═════ Supplied records
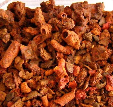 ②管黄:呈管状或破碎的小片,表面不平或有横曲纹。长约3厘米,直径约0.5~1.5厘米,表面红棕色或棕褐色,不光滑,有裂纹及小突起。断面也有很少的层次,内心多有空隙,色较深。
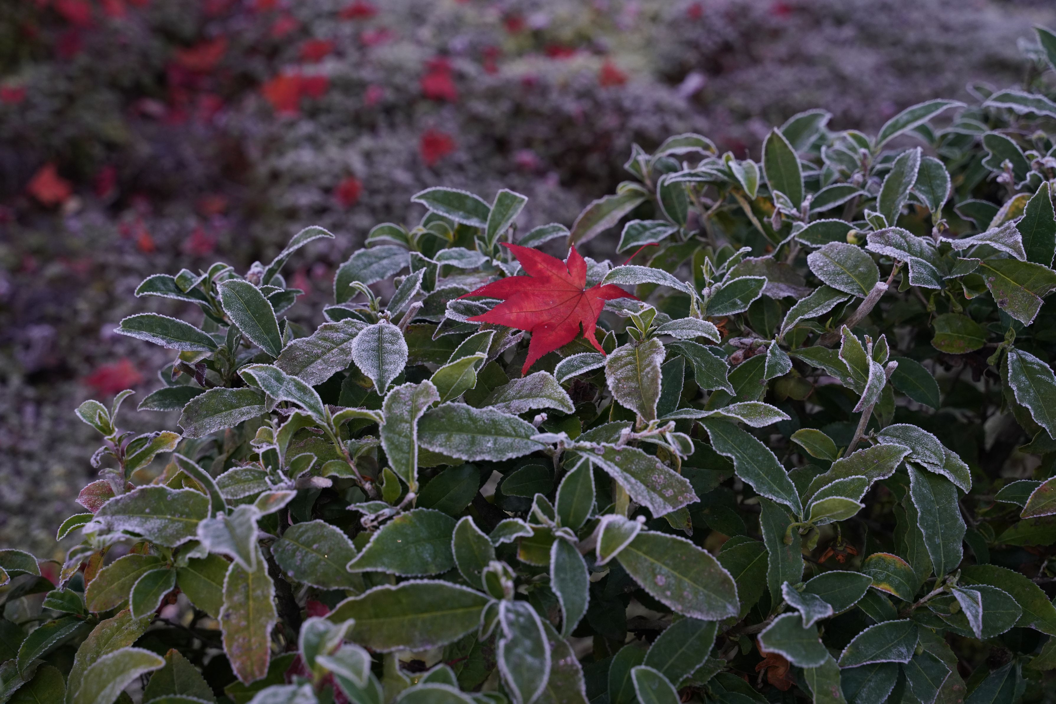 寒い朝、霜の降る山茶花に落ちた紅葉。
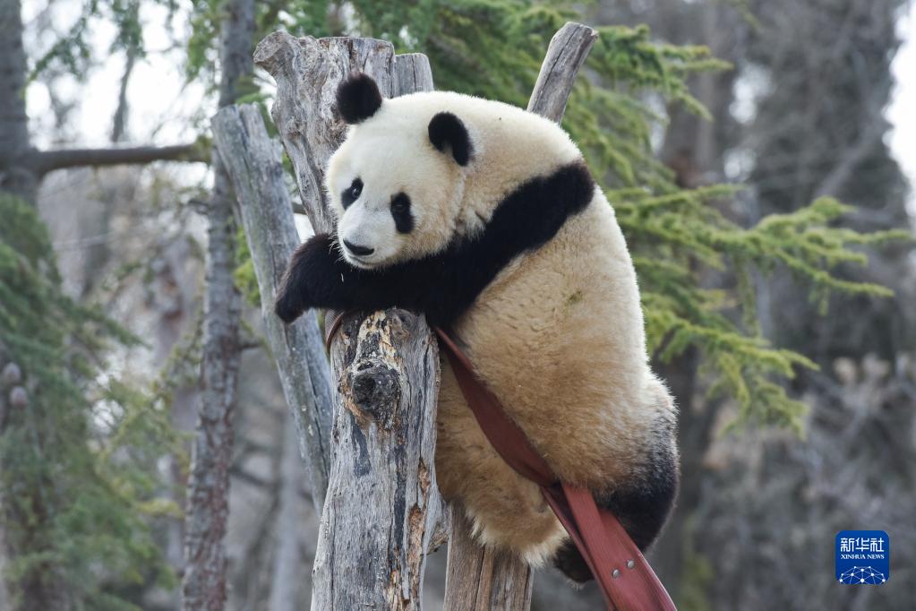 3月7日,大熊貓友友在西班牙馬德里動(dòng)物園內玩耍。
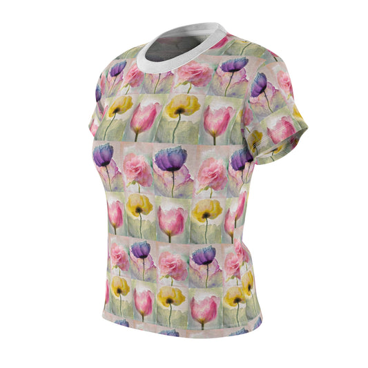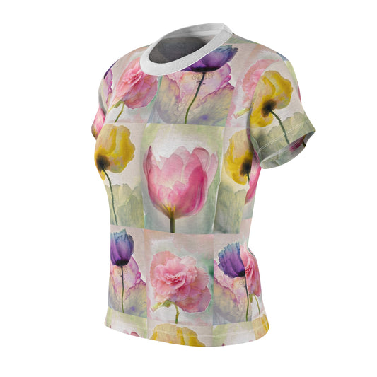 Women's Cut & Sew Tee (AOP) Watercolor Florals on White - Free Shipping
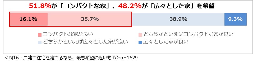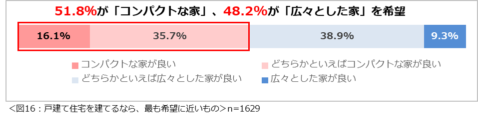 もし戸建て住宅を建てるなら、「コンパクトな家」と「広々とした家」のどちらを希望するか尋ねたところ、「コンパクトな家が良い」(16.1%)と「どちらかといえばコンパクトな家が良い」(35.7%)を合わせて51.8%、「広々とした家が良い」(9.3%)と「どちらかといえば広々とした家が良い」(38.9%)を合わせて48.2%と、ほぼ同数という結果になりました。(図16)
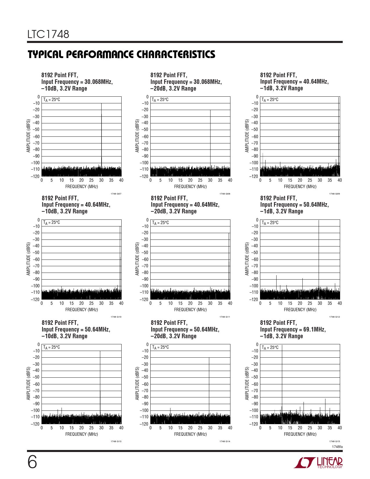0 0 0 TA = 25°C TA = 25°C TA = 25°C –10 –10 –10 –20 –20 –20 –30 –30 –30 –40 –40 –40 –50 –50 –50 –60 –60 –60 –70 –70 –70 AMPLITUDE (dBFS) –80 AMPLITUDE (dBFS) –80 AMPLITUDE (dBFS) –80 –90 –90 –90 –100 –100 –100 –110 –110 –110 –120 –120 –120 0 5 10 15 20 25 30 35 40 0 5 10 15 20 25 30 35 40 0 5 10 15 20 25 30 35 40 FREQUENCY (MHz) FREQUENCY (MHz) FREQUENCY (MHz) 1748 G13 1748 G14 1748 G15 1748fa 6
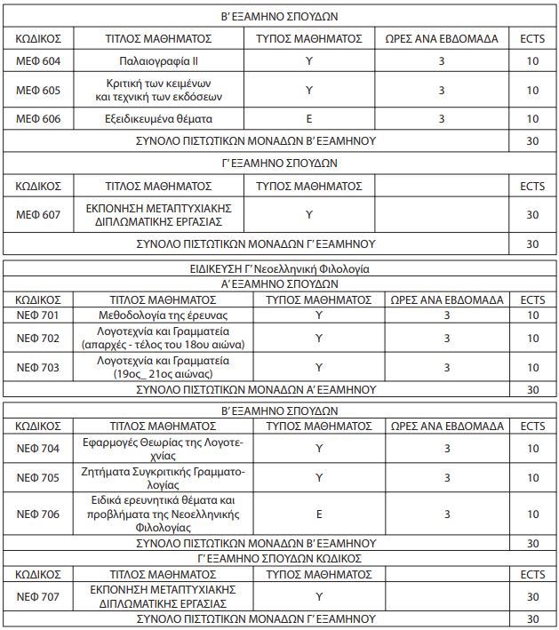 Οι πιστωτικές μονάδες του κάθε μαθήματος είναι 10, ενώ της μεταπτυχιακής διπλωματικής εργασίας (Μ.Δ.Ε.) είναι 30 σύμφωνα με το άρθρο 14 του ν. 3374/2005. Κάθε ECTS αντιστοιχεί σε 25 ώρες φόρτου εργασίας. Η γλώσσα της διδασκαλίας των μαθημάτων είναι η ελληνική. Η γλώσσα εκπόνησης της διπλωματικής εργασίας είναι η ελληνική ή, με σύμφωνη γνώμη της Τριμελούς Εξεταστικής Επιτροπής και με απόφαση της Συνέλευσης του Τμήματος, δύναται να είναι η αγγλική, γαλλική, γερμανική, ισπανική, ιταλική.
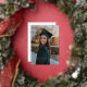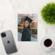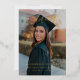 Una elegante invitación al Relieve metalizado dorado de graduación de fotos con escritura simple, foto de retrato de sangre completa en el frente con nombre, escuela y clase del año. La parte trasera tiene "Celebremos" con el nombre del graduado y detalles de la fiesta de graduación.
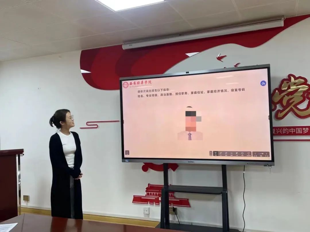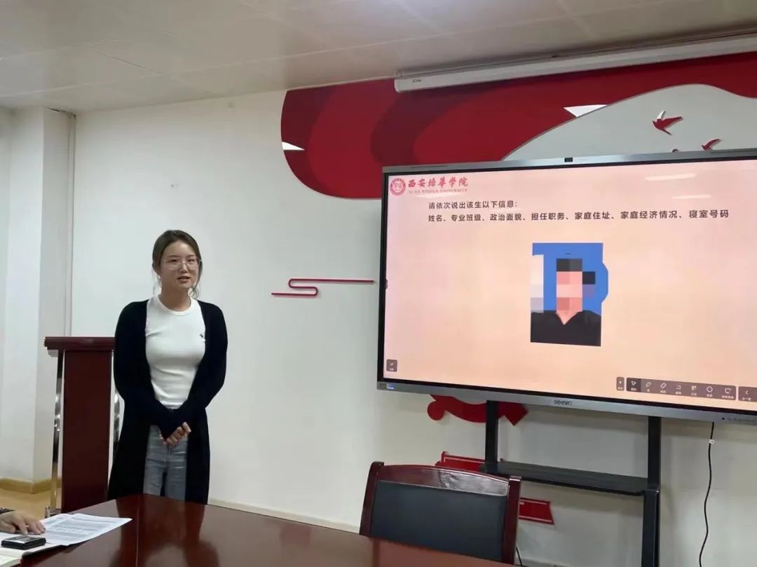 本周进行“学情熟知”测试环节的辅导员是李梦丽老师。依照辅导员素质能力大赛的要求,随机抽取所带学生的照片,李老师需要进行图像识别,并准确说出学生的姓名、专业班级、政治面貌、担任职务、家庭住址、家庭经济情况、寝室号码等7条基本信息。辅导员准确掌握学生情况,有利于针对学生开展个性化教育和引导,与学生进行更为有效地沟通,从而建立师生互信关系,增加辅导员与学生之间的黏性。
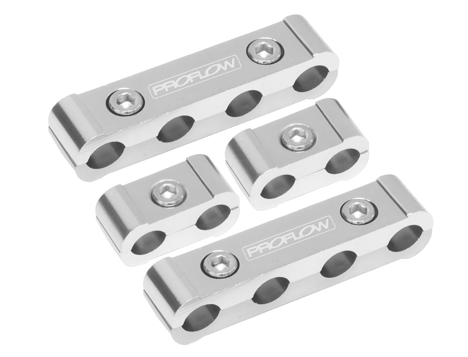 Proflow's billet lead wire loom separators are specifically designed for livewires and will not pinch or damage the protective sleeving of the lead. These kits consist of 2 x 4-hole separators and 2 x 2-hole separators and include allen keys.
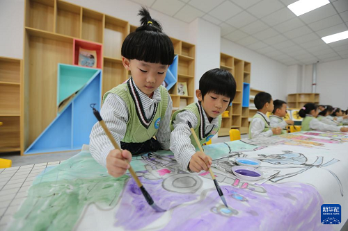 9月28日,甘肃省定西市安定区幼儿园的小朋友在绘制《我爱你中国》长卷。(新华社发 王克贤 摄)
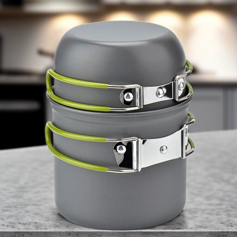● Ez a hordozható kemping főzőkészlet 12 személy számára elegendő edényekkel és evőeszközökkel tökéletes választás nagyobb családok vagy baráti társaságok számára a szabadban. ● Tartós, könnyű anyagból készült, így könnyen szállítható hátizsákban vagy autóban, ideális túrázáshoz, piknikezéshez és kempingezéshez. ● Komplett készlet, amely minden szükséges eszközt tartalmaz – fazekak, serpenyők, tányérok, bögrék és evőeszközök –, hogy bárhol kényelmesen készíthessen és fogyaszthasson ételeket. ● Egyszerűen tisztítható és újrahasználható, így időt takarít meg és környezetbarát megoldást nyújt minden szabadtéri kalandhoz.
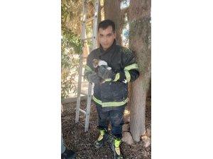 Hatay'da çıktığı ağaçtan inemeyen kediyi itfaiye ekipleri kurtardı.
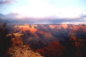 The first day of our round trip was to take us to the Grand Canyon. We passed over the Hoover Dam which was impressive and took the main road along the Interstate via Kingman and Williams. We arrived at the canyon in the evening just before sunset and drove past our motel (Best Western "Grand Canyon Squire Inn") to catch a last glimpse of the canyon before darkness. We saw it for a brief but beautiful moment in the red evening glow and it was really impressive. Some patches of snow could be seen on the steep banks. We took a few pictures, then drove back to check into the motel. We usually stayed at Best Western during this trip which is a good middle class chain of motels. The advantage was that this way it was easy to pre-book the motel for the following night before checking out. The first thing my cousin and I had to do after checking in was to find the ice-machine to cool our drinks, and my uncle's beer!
══════════
### Exercise details
Your answer must be the lines above from the one holding "Una elegante invitación" up to and including the one holding "Hatay'da çıktığı ağaçtan", exact and with no pictures.

### Response to this exercise
 Una elegante invitación al Relieve metalizado dorado de graduación de fotos con escritura simple, foto de retrato de sangre completa en el frente con nombre, escuela y clase del año. La parte trasera tiene "Celebremos" con el nombre del graduado y detalles de la fiesta de graduación.
 本周进行“学情熟知”测试环节的辅导员是李梦丽老师。依照辅导员素质能力大赛的要求,随机抽取所带学生的照片,李老师需要进行图像识别,并准确说出学生的姓名、专业班级、政治面貌、担任职务、家庭住址、家庭经济情况、寝室号码等7条基本信息。辅导员准确掌握学生情况,有利于针对学生开展个性化教育和引导,与学生进行更为有效地沟通,从而建立师生互信关系,增加辅导员与学生之间的黏性。
 Proflow's billet lead wire loom separators are specifically designed for livewires and will not pinch or damage the protective sleeving of the lead. These kits consist of 2 x 4-hole separators and 2 x 2-hole separators and include allen keys.
 9月28日,甘肃省定西市安定区幼儿园的小朋友在绘制《我爱你中国》长卷。(新华社发 王克贤 摄)
● Ez a hordozható kemping főzőkészlet 12 személy számára elegendő edényekkel és evőeszközökkel tökéletes választás nagyobb családok vagy baráti társaságok számára a szabadban. ● Tartós, könnyű anyagból készült, így könnyen szállítható hátizsákban vagy autóban, ideális túrázáshoz, piknikezéshez és kempingezéshez. ● Komplett készlet, amely minden szükséges eszközt tartalmaz – fazekak, serpenyők, tányérok, bögrék és evőeszközök –, hogy bárhol kényelmesen készíthessen és fogyaszthasson ételeket. ● Egyszerűen tisztítható és újrahasználható, így időt takarít meg és környezetbarát megoldást nyújt minden szabadtéri kalandhoz.
 Hatay'da çıktığı ağaçtan inemeyen kediyi itfaiye ekipleri kurtardı.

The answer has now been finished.